TASK INPUT
- - -

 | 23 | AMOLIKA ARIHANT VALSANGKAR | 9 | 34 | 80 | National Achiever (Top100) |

- - -

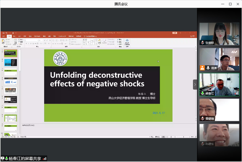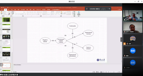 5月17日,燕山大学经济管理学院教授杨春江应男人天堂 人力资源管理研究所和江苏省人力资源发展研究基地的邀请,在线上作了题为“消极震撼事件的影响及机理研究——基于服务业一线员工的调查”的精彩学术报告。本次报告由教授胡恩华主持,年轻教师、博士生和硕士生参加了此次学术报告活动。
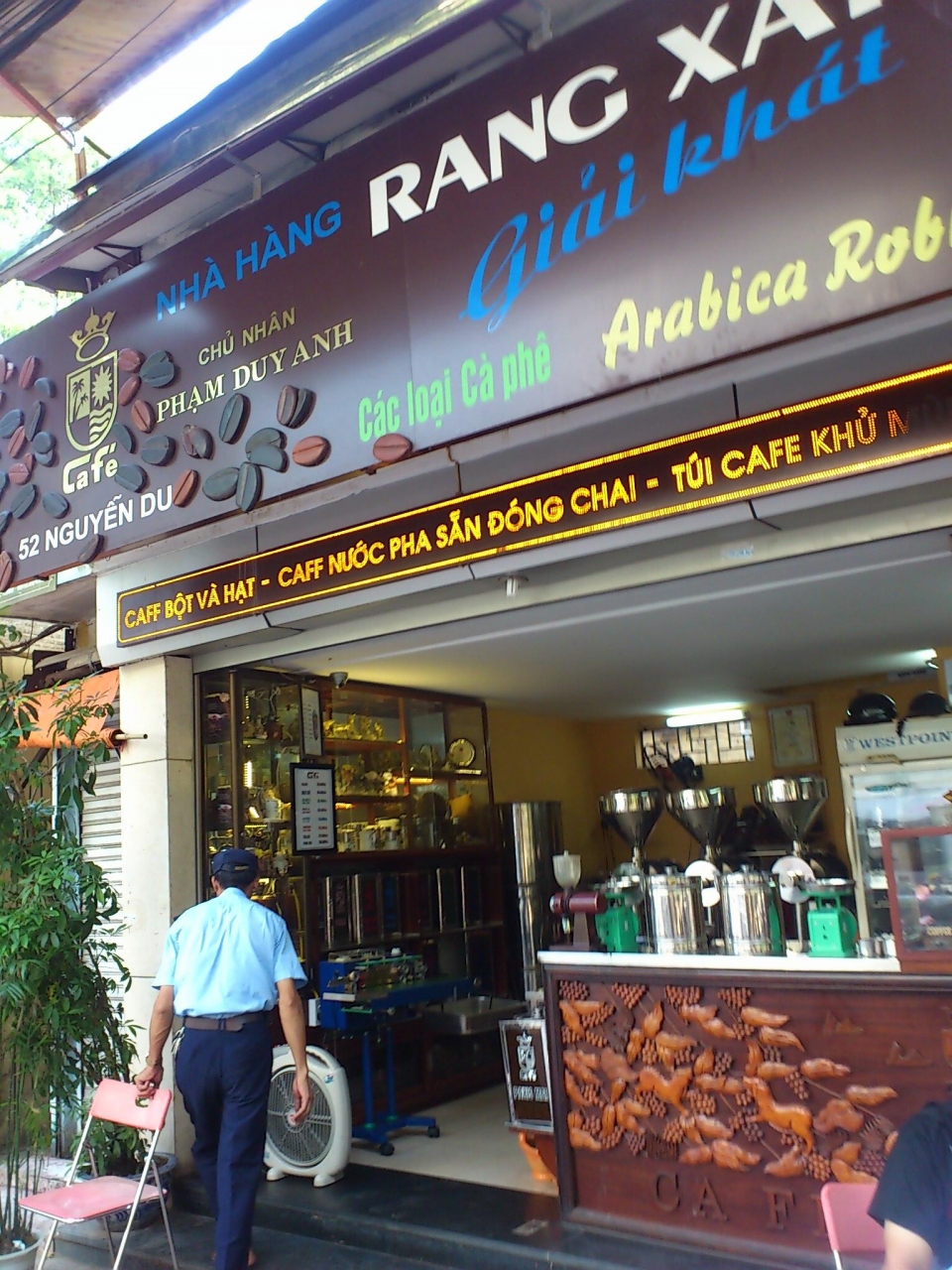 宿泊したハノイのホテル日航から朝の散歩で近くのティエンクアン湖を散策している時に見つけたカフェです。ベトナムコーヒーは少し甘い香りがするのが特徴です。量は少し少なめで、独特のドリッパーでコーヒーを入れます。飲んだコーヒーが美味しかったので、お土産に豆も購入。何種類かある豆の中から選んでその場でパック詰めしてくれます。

- - -

TRY IT
Look above for the line containing "5月17日,燕山大学经济管理", then copy exactly from it through the line containing "宿泊したハノイのホテル日航か", keeping both and leaving out pictures. Add nothing else.

RESULT FOR THIS TASK
 5月17日,燕山大学经济管理学院教授杨春江应男人天堂 人力资源管理研究所和江苏省人力资源发展研究基地的邀请,在线上作了题为“消极震撼事件的影响及机理研究——基于服务业一线员工的调查”的精彩学术报告。本次报告由教授胡恩华主持,年轻教师、博士生和硕士生参加了此次学术报告活动。
 宿泊したハノイのホテル日航から朝の散歩で近くのティエンクアン湖を散策している時に見つけたカフェです。ベトナムコーヒーは少し甘い香りがするのが特徴です。量は少し少なめで、独特のドリッパーでコーヒーを入れます。飲んだコーヒーが美味しかったので、お土産に豆も購入。何種類かある豆の中から選んでその場でパック詰めしてくれます。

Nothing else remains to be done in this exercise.